§ Problem statement: From first line to last, transcribe the listing exactly and skip any image.

§ Supplied data:
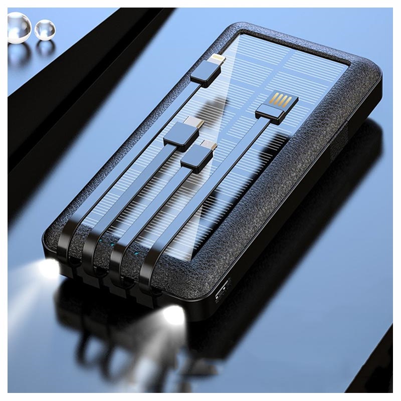 solární banka Psooo PS-159 s vestavěným Lightningem, USB-C, USB-A a MicroUSB kabelem-10000 mAh li-polymer
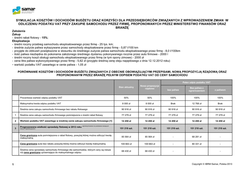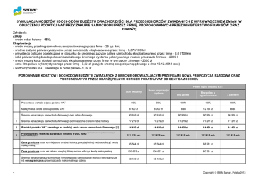 SYMULACJA KOSZTÓW I DOCHODÓW BUDŻETU ORAZ KORZYŚCI DLA PRZEDSIĘBIORCÓW ZWIĄZANYCH Z WPROWADZENIEM ZMIAN W ODLICZENIU PODATKU VAT PRZY ZAKUPIE SAMOCHODU PRZEZ FIRMĘ, PROPONOWANYCH PRZEZ MINISTERSTWO FINANSÓW ORAZ BRANŻĘ Założenia Zakup - średni rabat flotowy - 15%; Eksploatacja - średni roczny przebieg samochodu eksploatowanego przez firmę - 25 tys. km; - średnie zużycie paliwa wykazywane przez samochody eksploatowane przez firmę - 5,87 l/100 km - przyjęte do obliczeń powiększone w stosunku do średniego zużycie paliwa samochodu eksploatowanego przez firmę - 8,0 l/100km - ilość paliwa niezbędna do pokonania założonego średniego dystansu pokonywanego rocznie przez auto firmowe - 2000 l - średni roczny koszt obsługi samochodu eksploatowanego przez firmę (w tym opony zimowe) - 2000 zł - cena litra paliwa wykorzystywanego przez firmę - 5,62 zł (przyjęto średnią cenę oleju napędowego z dnia 12.12.2012 roku) - wartość podatku VAT zawartego w cenie paliwa - 1,05 zł PORÓWNANIE KOSZTÓW I DOCHODÓW BUDŻETU ZWIĄZANYCH Z OBECNIE OBOWIĄZUJĄCYMI PRZEPISAMI, NOWĄ PROPOZYCJĄ RZĄDOWĄ ORAZ PROPONOWANYM PRZEZ BRANŻĘ PEŁNYM ODPISEM PODATKU VAT OD CENY SAMOCHODU Pełen odpis podatku VAT Stan aktualny bez paliwa Bez paliwa z ograniczeniem z paliwem Procentowa wartość odpisu podatku VAT 50% 50% 100% 100% 100% Maksymalna kwota odpisu podatku VAT 8 000 zł 8 000 zł Brak 12 768 zł Brak Średnia cena zakupu samochodu firmowego bez rabatu flotowego 90 916 zł 90 916 zł 90 916 zł 90 916 zł 90 916 zł 1 Średnia cena zakupu samochodu firmowego pomniejszona o średni rabat flotowy 77 279 zł 77 279 zł 77 279 zł 77 279 zł 77 279 zł 2 Wartość podatku VAT zawartego w średniej cenie zakupu samochodu firmowego [1] 14 450 zł 14 450 zł 14 450 zł 14 450 zł 14 450 zł 151 218 szt. 151 218 szt. 151 218 szt. 151 218 szt. 151 218 szt. Cena graniczna auta pomniejszona o rabat flotowy, powyżej której można odliczyć kwotę maksymalną 85 564 zł 85 564 zł - 68 281 zł - Cena graniczna auta bez rabatu powyżej której można odliczyć kwotę maksymalną 100 663 zł 100 663 zł - 80 331 zł - Średnia cena sprzedaży samochodu firmowego dla samochodów, których ceny są niższe niż cena graniczna uprawniająca do maksymalnego odpisu 68 430 zł 68 430 zł - 3 1 Nowa propozycja rządowa Prognozowana wielkość sprzedaży flotowej w 2012 roku (aproksymowana na podstawie bieżących danych rejestracyjnych) - Copyright © IBRM Samar, Polska 2013 Pełen odpis podatku VAT Stan aktualny bez paliwa Bez paliwa z ograniczeniem z paliwem Średnia cena sprzedaży samochodu firmowego pomniejszona o rabat, dla samochodów, których ceny są niższe niż cena graniczna uprawniająca do maksymalnego odpisu 58 166 zł 58 166 zł - 60 389 zł - 4 Wartość podatku VAT dla samochodów, których ceny są niższe niż cena graniczna uprawniająca do maksymalnego odpisu 7 750 zł 10 877 zł - 11 292 zł - 5 Wartość podatku VAT do odpisu dla samochodów, których ceny są niższe niż cena graniczna uprawniająca do maksymalnego odpisu 4 650 zł 5 439 zł - 11 292 zł - 6 Liczba samochodów zakupionych przez firmy w 2012 roku, których ceny są niższe niż cena graniczna uprawniająca do maksymalnego odpisu 41 571 szt. 105 892 szt. - 86 248 szt. - Średnia cena sprzedaży samochodu firmowego dla samochodów, których ceny są wyższe niż cena graniczna uprawniająca do maksymalnego odpisu 106 344 zł 161 377 zł - Średnia cena sprzedaży samochodu firmowego pomniejszona o rabat, dla samochodów, których ceny są wyższe niż cena graniczna uprawniająca do maksymalnego odpisu 90 392 zł 137 170 zł - 131 081 zł - 7 Wartość podatku VAT dla samochodów, których ceny są wyższe niż cena graniczna uprawniająca do maksymalnego odpisu 16 903 zł 25 650 zł - 24 511 zł - 8 Wartość podatku VAT do odpisu dla samochodów, których ceny są wyższe niż cena graniczna uprawniająca do maksymalnego odpisu 6 000 zł 8 000 zł - 12 768 zł - 9 Liczba samochodów zakupionych przez firmy w okresie 1-12.2012, których ceny są wyższe niż cena graniczna uprawniająca do maksymalnego odpisu 109 647 szt. 45 326 szt. - 64 970 szt. - Ilość paliwa niezbędna do pokonania założonego rocznego przebiegu samochodu firmowego - 25 tys. km 2000 l 2000 l 2000 l 2000 l 2000 l Koszt zakupu paliwa niezbędnego do pokonania założonego rocznego przebiegu samochodu firmowego 11 240 zł 11 240 zł 11 240 zł 11 240 zł 11 240 zł Wartość podatku VAT zawartego w cenie zakupionego paliwa 2 102 zł 2 102 zł 2 102 zł 2 102 zł 2 102 zł Procentowa dopuszczalna wartość odpisu 0% 50% 0% 0% 100% Wartość podatku VAT do odpisu 0 zł 1 051 zł 0 zł 0 zł 2 102 zł 2 000 zł 2 000 zł 2 000 zł 2 000 zł 2 000 zł 10 11 Szacowany średni roczny koszt obsługi samochodów firmowych (w tym opony zimowe) 2 Nowa propozycja rządowa - Copyright © IBRM Samar, Polska 2013 Pełen odpis podatku VAT Stan aktualny 12 bez paliwa Bez paliwa z ograniczeniem z paliwem Wartość podatku VAT zawartego w cenie obsługi 374 zł 374 zł 374 zł 374 zł 374 zł Procentowa wartość odpisu [%] 100% 50% 100% 100% 100% 13 Wartość podatku VAT do odpisu 374 zł 187 zł 374 zł 374 zł 374 zł 14 Szacowana liczba samochodów wykorzystywanych przez firmy 1 000 000 szt. 1 000 000 szt. 1 000 000 szt. 1 000 000 szt. 1 000 000 szt. 15 Przychód budżetu przed odpisem dla samochodów kupionych przez firmy [2]x[3] + [10]x[3] + [12]x[3] + [14]x[10] + [14]x[12] 5 035 515 868 zł 5 035 515 868 zł 5 035 515 868 zł 5 035 515 868 zł 5 035 515 868 zł 16 Wartość odpisu (koszt budżetu) dla samochodów kupionych przez firmy [5]x[6] + [8]x[9] + [11]x[3] + [13]x[3] + [14]x[11] + [14]x[13] oraz w przypadku pełnego odpisu podatku VAT od samochodów [2]x[3] + [11]x[3] + [13]x[3] + [11]x[14] + [13]x[14] 1 281 742 682 zł 2 363 762 472 zł 2 612 480 054 zł 2 234 004 908 zł 5 032 340 290 zł 17 Wartość zmniejszenia podatku CIT (ko
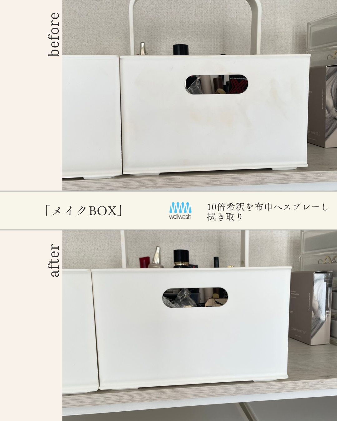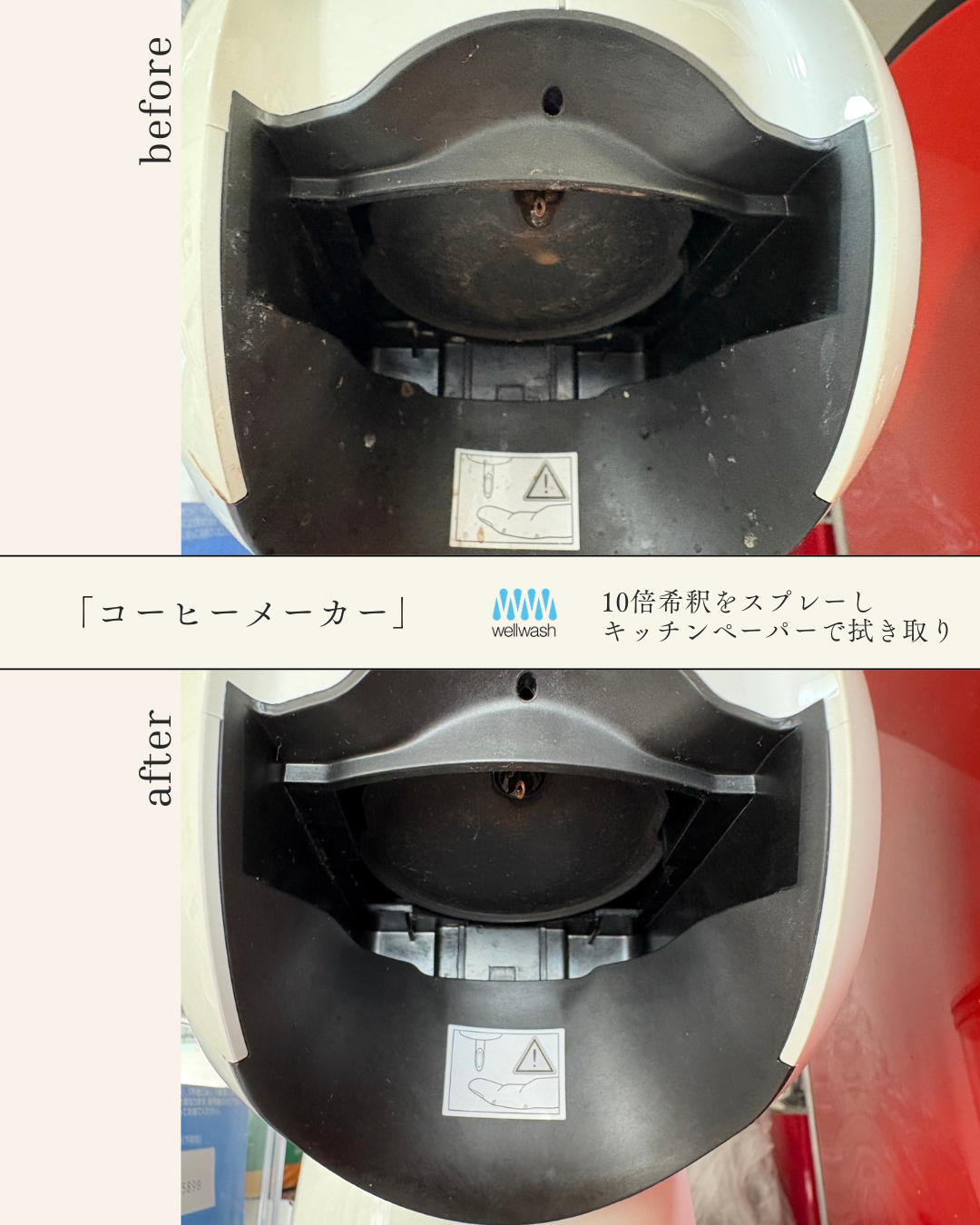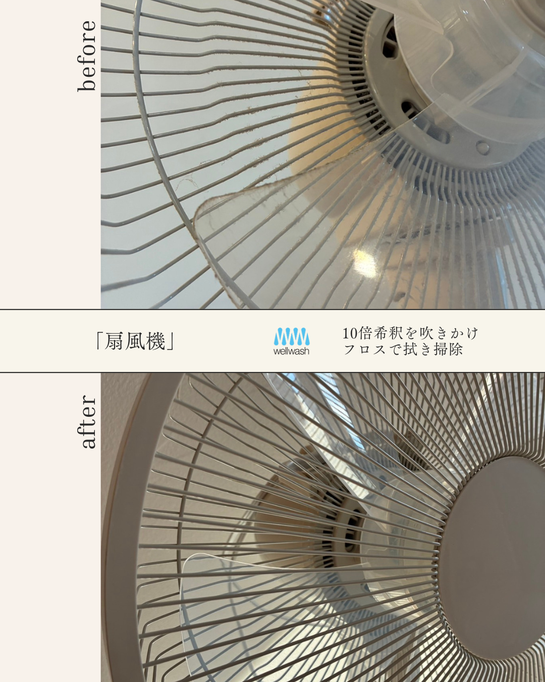 ① 4倍に希釈したおそうじ用洗剤を直接スプレーします。
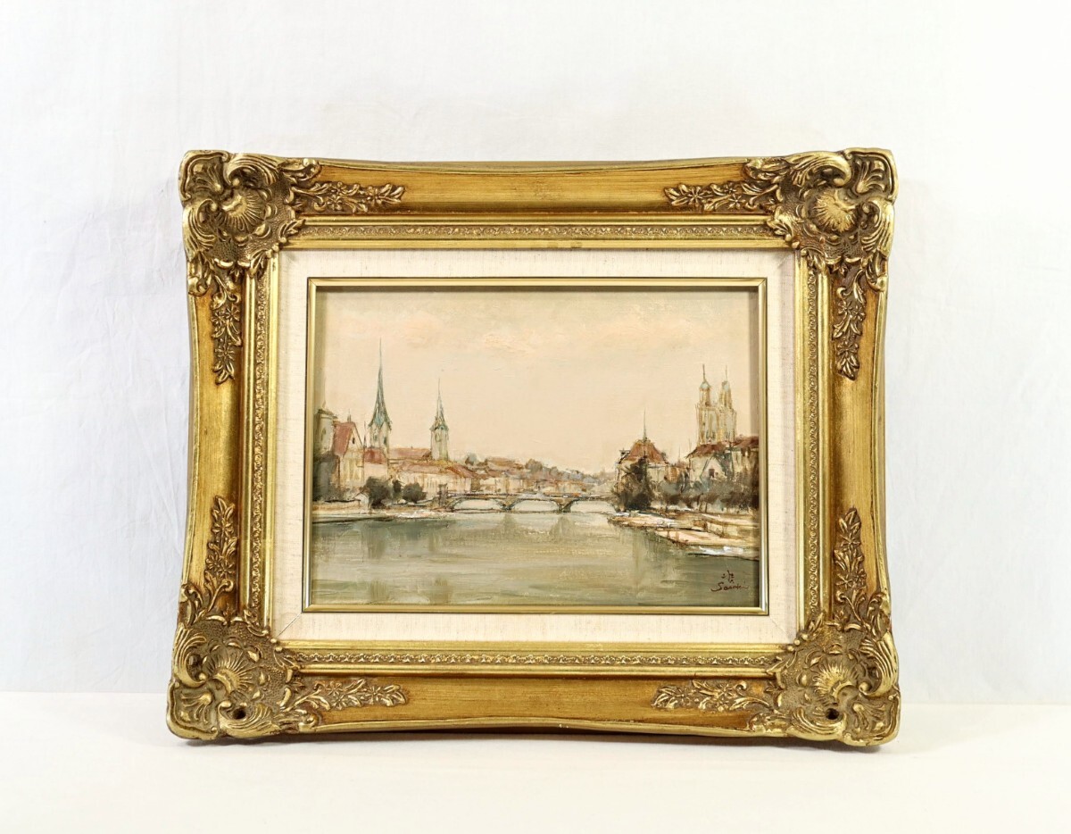 - 真作 佐々木壮六 1989年油彩「ミュンスター橋 チューリッヒ」画寸 F4 大阪府出身 詩情の画家 抒情的な作風 リマト河畔の街並みと尖塔 8972

§ Solution for this task:
 solární banka Psooo PS-159 s vestavěným Lightningem, USB-C, USB-A a MicroUSB kabelem-10000 mAh li-polymer
 SYMULACJA KOSZTÓW I DOCHODÓW BUDŻETU ORAZ KORZYŚCI DLA PRZEDSIĘBIORCÓW ZWIĄZANYCH Z WPROWADZENIEM ZMIAN W ODLICZENIU PODATKU VAT PRZY ZAKUPIE SAMOCHODU PRZEZ FIRMĘ, PROPONOWANYCH PRZEZ MINISTERSTWO FINANSÓW ORAZ BRANŻĘ Założenia Zakup - średni rabat flotowy - 15%; Eksploatacja - średni roczny przebieg samochodu eksploatowanego przez firmę - 25 tys. km; - średnie zużycie paliwa wykazywane przez samochody eksploatowane przez firmę - 5,87 l/100 km - przyjęte do obliczeń powiększone w stosunku do średniego zużycie paliwa samochodu eksploatowanego przez firmę - 8,0 l/100km - ilość paliwa niezbędna do pokonania założonego średniego dystansu pokonywanego rocznie przez auto firmowe - 2000 l - średni roczny koszt obsługi samochodu eksploatowanego przez firmę (w tym opony zimowe) - 2000 zł - cena litra paliwa wykorzystywanego przez firmę - 5,62 zł (przyjęto średnią cenę oleju napędowego z dnia 12.12.2012 roku) - wartość podatku VAT zawartego w cenie paliwa - 1,05 zł PORÓWNANIE KOSZTÓW I DOCHODÓW BUDŻETU ZWIĄZANYCH Z OBECNIE OBOWIĄZUJĄCYMI PRZEPISAMI, NOWĄ PROPOZYCJĄ RZĄDOWĄ ORAZ PROPONOWANYM PRZEZ BRANŻĘ PEŁNYM ODPISEM PODATKU VAT OD CENY SAMOCHODU Pełen odpis podatku VAT Stan aktualny bez paliwa Bez paliwa z ograniczeniem z paliwem Procentowa wartość odpisu podatku VAT 50% 50% 100% 100% 100% Maksymalna kwota odpisu podatku VAT 8 000 zł 8 000 zł Brak 12 768 zł Brak Średnia cena zakupu samochodu firmowego bez rabatu flotowego 90 916 zł 90 916 zł 90 916 zł 90 916 zł 90 916 zł 1 Średnia cena zakupu samochodu firmowego pomniejszona o średni rabat flotowy 77 279 zł 77 279 zł 77 279 zł 77 279 zł 77 279 zł 2 Wartość podatku VAT zawartego w średniej cenie zakupu samochodu firmowego [1] 14 450 zł 14 450 zł 14 450 zł 14 450 zł 14 450 zł 151 218 szt. 151 218 szt. 151 218 szt. 151 218 szt. 151 218 szt. Cena graniczna auta pomniejszona o rabat flotowy, powyżej której można odliczyć kwotę maksymalną 85 564 zł 85 564 zł - 68 281 zł - Cena graniczna auta bez rabatu powyżej której można odliczyć kwotę maksymalną 100 663 zł 100 663 zł - 80 331 zł - Średnia cena sprzedaży samochodu firmowego dla samochodów, których ceny są niższe niż cena graniczna uprawniająca do maksymalnego odpisu 68 430 zł 68 430 zł - 3 1 Nowa propozycja rządowa Prognozowana wielkość sprzedaży flotowej w 2012 roku (aproksymowana na podstawie bieżących danych rejestracyjnych) - Copyright © IBRM Samar, Polska 2013 Pełen odpis podatku VAT Stan aktualny bez paliwa Bez paliwa z ograniczeniem z paliwem Średnia cena sprzedaży samochodu firmowego pomniejszona o rabat, dla samochodów, których ceny są niższe niż cena graniczna uprawniająca do maksymalnego odpisu 58 166 zł 58 166 zł - 60 389 zł - 4 Wartość podatku VAT dla samochodów, których ceny są niższe niż cena graniczna uprawniająca do maksymalnego odpisu 7 750 zł 10 877 zł - 11 292 zł - 5 Wartość podatku VAT do odpisu dla samochodów, których ceny są niższe niż cena graniczna uprawniająca do maksymalnego odpisu 4 650 zł 5 439 zł - 11 292 zł - 6 Liczba samochodów zakupionych przez firmy w 2012 roku, których ceny są niższe niż cena graniczna uprawniająca do maksymalnego odpisu 41 571 szt. 105 892 szt. - 86 248 szt. - Średnia cena sprzedaży samochodu firmowego dla samochodów, których ceny są wyższe niż cena graniczna uprawniająca do maksymalnego odpisu 106 344 zł 161 377 zł - Średnia cena sprzedaży samochodu firmowego pomniejszona o rabat, dla samochodów, których ceny są wyższe niż cena graniczna uprawniająca do maksymalnego odpisu 90 392 zł 137 170 zł - 131 081 zł - 7 Wartość podatku VAT dla samochodów, których ceny są wyższe niż cena graniczna uprawniająca do maksymalnego odpisu 16 903 zł 25 650 zł - 24 511 zł - 8 Wartość podatku VAT do odpisu dla samochodów, których ceny są wyższe niż cena graniczna uprawniająca do maksymalnego odpisu 6 000 zł 8 000 zł - 12 768 zł - 9 Liczba samochodów zakupionych przez firmy w okresie 1-12.2012, których ceny są wyższe niż cena graniczna uprawniająca do maksymalnego odpisu 109 647 szt. 45 326 szt. - 64 970 szt. - Ilość paliwa niezbędna do pokonania założonego rocznego przebiegu samochodu firmowego - 25 tys. km 2000 l 2000 l 2000 l 2000 l 2000 l Koszt zakupu paliwa niezbędnego do pokonania założonego rocznego przebiegu samochodu firmowego 11 240 zł 11 240 zł 11 240 zł 11 240 zł 11 240 zł Wartość podatku VAT zawartego w cenie zakupionego paliwa 2 102 zł 2 102 zł 2 102 zł 2 102 zł 2 102 zł Procentowa dopuszczalna wartość odpisu 0% 50% 0% 0% 100% Wartość podatku VAT do odpisu 0 zł 1 051 zł 0 zł 0 zł 2 102 zł 2 000 zł 2 000 zł 2 000 zł 2 000 zł 2 000 zł 10 11 Szacowany średni roczny koszt obsługi samochodów firmowych (w tym opony zimowe) 2 Nowa propozycja rządowa - Copyright © IBRM Samar, Polska 2013 Pełen odpis podatku VAT Stan aktualny 12 bez paliwa Bez paliwa z ograniczeniem z paliwem Wartość podatku VAT zawartego w cenie obsługi 374 zł 374 zł 374 zł 374 zł 374 zł Procentowa wartość odpisu [%] 100% 50% 100% 100% 100% 13 Wartość podatku VAT do odpisu 374 zł 187 zł 374 zł 374 zł 374 zł 14 Szacowana liczba samochodów wykorzystywanych przez firmy 1 000 000 szt. 1 000 000 szt. 1 000 000 szt. 1 000 000 szt. 1 000 000 szt. 15 Przychód budżetu przed odpisem dla samochodów kupionych przez firmy [2]x[3] + [10]x[3] + [12]x[3] + [14]x[10] + [14]x[12] 5 035 515 868 zł 5 035 515 868 zł 5 035 515 868 zł 5 035 515 868 zł 5 035 515 868 zł 16 Wartość odpisu (koszt budżetu) dla samochodów kupionych przez firmy [5]x[6] + [8]x[9] + [11]x[3] + [13]x[3] + [14]x[11] + [14]x[13] oraz w przypadku pełnego odpisu podatku VAT od samochodów [2]x[3] + [11]x[3] + [13]x[3] + [11]x[14] + [13]x[14] 1 281 742 682 zł 2 363 762 472 zł 2 612 480 054 zł 2 234 004 908 zł 5 032 340 290 zł 17 Wartość zmniejszenia podatku CIT (ko
 ① 4倍に希釈したおそうじ用洗剤を直接スプレーします。
 - 真作 佐々木壮六 1989年油彩「ミュンスター橋 チューリッヒ」画寸 F4 大阪府出身 詩情の画家 抒情的な作風 リマト河畔の街並みと尖塔 8972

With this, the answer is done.